LISTED ENTRIES Start Marker
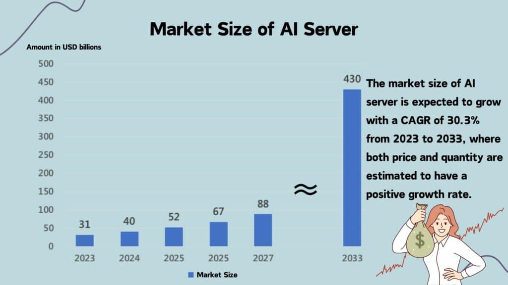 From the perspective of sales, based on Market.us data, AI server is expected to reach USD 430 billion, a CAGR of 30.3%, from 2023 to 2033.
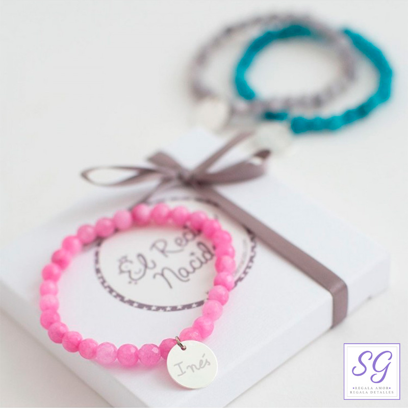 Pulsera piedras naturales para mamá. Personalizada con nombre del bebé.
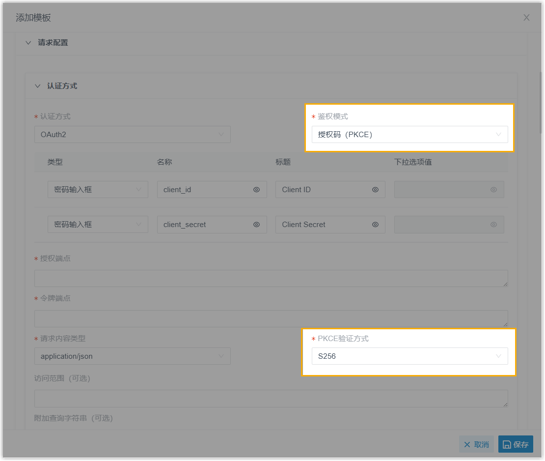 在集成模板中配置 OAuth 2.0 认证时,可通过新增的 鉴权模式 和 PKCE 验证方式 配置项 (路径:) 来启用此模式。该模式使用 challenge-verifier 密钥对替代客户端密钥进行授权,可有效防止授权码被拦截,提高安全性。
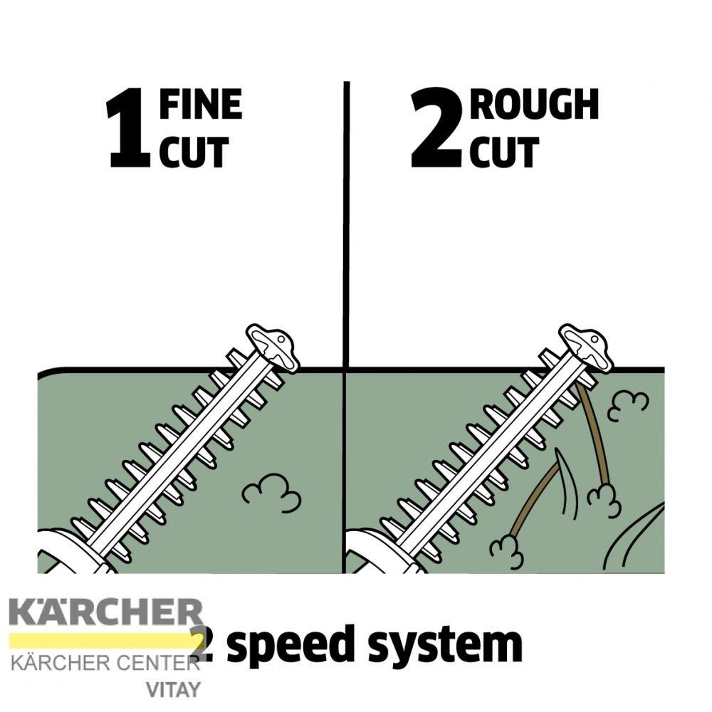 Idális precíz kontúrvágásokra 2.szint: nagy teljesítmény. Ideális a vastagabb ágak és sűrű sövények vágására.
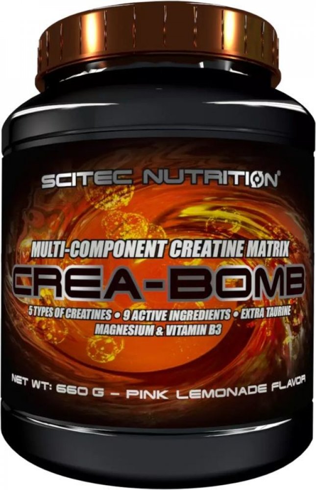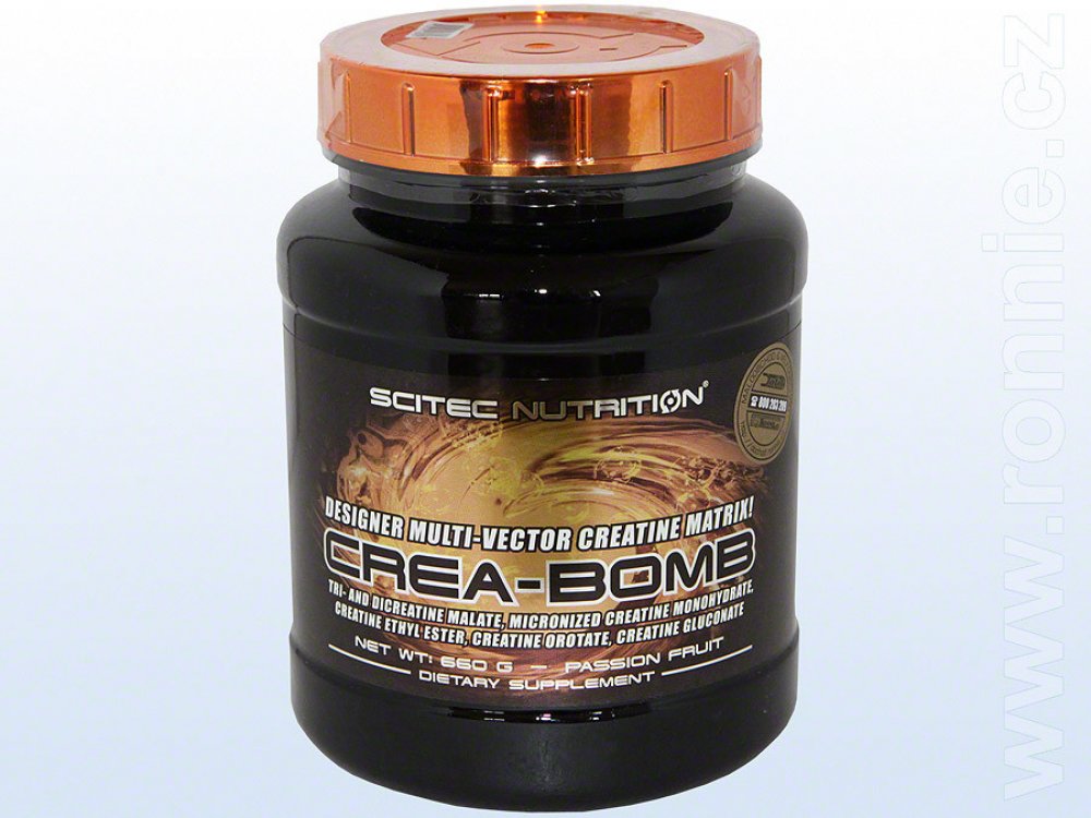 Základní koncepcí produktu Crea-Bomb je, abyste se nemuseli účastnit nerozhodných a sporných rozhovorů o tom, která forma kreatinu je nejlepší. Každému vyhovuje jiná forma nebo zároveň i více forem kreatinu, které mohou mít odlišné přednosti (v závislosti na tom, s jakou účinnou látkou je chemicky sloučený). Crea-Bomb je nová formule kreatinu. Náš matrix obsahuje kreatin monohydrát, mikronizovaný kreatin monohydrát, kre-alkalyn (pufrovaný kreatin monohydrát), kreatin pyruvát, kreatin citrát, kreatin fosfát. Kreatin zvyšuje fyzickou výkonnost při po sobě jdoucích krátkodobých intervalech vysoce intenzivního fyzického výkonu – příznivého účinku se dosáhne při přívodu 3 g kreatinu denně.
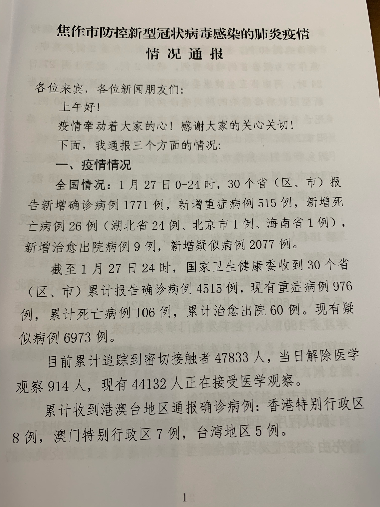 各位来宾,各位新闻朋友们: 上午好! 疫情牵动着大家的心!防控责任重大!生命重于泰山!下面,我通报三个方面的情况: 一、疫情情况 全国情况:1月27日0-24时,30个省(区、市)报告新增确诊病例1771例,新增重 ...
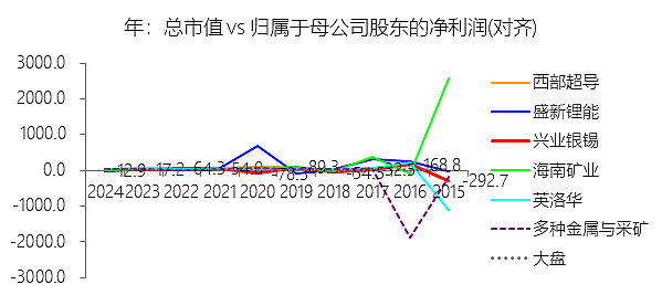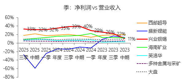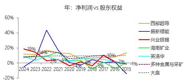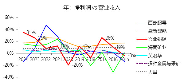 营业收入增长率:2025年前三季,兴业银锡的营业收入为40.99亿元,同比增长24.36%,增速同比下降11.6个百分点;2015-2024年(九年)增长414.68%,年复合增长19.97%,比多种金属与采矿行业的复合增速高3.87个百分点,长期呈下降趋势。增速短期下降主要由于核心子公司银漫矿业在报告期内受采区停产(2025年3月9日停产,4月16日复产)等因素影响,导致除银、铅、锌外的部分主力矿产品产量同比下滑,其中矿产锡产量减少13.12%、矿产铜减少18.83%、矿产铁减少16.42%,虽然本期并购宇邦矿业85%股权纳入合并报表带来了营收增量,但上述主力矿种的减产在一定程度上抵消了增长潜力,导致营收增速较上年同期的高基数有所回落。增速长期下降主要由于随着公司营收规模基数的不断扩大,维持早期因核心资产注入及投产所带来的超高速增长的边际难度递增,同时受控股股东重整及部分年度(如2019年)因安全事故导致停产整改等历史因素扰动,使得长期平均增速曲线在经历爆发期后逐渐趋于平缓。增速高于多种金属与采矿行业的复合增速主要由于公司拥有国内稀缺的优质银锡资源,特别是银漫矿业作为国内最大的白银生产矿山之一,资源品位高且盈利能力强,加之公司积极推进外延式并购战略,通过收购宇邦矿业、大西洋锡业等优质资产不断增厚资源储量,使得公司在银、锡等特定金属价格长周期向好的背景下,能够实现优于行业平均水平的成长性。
LISTED ENTRIES End Marker
## AIM OF THE EXERCISE
Retype the data above in full, exactly as it stands, and skip any image.

## TASK ANSWER
 From the perspective of sales, based on Market.us data, AI server is expected to reach USD 430 billion, a CAGR of 30.3%, from 2023 to 2033.
 Pulsera piedras naturales para mamá. Personalizada con nombre del bebé.
 在集成模板中配置 OAuth 2.0 认证时,可通过新增的 鉴权模式 和 PKCE 验证方式 配置项 (路径:) 来启用此模式。该模式使用 challenge-verifier 密钥对替代客户端密钥进行授权,可有效防止授权码被拦截,提高安全性。
 Idális precíz kontúrvágásokra 2.szint: nagy teljesítmény. Ideális a vastagabb ágak és sűrű sövények vágására.
 Základní koncepcí produktu Crea-Bomb je, abyste se nemuseli účastnit nerozhodných a sporných rozhovorů o tom, která forma kreatinu je nejlepší. Každému vyhovuje jiná forma nebo zároveň i více forem kreatinu, které mohou mít odlišné přednosti (v závislosti na tom, s jakou účinnou látkou je chemicky sloučený). Crea-Bomb je nová formule kreatinu. Náš matrix obsahuje kreatin monohydrát, mikronizovaný kreatin monohydrát, kre-alkalyn (pufrovaný kreatin monohydrát), kreatin pyruvát, kreatin citrát, kreatin fosfát. Kreatin zvyšuje fyzickou výkonnost při po sobě jdoucích krátkodobých intervalech vysoce intenzivního fyzického výkonu – příznivého účinku se dosáhne při přívodu 3 g kreatinu denně.
 各位来宾,各位新闻朋友们: 上午好! 疫情牵动着大家的心!防控责任重大!生命重于泰山!下面,我通报三个方面的情况: 一、疫情情况 全国情况:1月27日0-24时,30个省(区、市)报告新增确诊病例1771例,新增重 ...
 营业收入增长率:2025年前三季,兴业银锡的营业收入为40.99亿元,同比增长24.36%,增速同比下降11.6个百分点;2015-2024年(九年)增长414.68%,年复合增长19.97%,比多种金属与采矿行业的复合增速高3.87个百分点,长期呈下降趋势。增速短期下降主要由于核心子公司银漫矿业在报告期内受采区停产(2025年3月9日停产,4月16日复产)等因素影响,导致除银、铅、锌外的部分主力矿产品产量同比下滑,其中矿产锡产量减少13.12%、矿产铜减少18.83%、矿产铁减少16.42%,虽然本期并购宇邦矿业85%股权纳入合并报表带来了营收增量,但上述主力矿种的减产在一定程度上抵消了增长潜力,导致营收增速较上年同期的高基数有所回落。增速长期下降主要由于随着公司营收规模基数的不断扩大,维持早期因核心资产注入及投产所带来的超高速增长的边际难度递增,同时受控股股东重整及部分年度(如2019年)因安全事故导致停产整改等历史因素扰动,使得长期平均增速曲线在经历爆发期后逐渐趋于平缓。增速高于多种金属与采矿行业的复合增速主要由于公司拥有国内稀缺的优质银锡资源,特别是银漫矿业作为国内最大的白银生产矿山之一,资源品位高且盈利能力强,加之公司积极推进外延式并购战略,通过收购宇邦矿业、大西洋锡业等优质资产不断增厚资源储量,使得公司在银、锡等特定金属价格长周期向好的背景下,能够实现优于行业平均水平的成长性。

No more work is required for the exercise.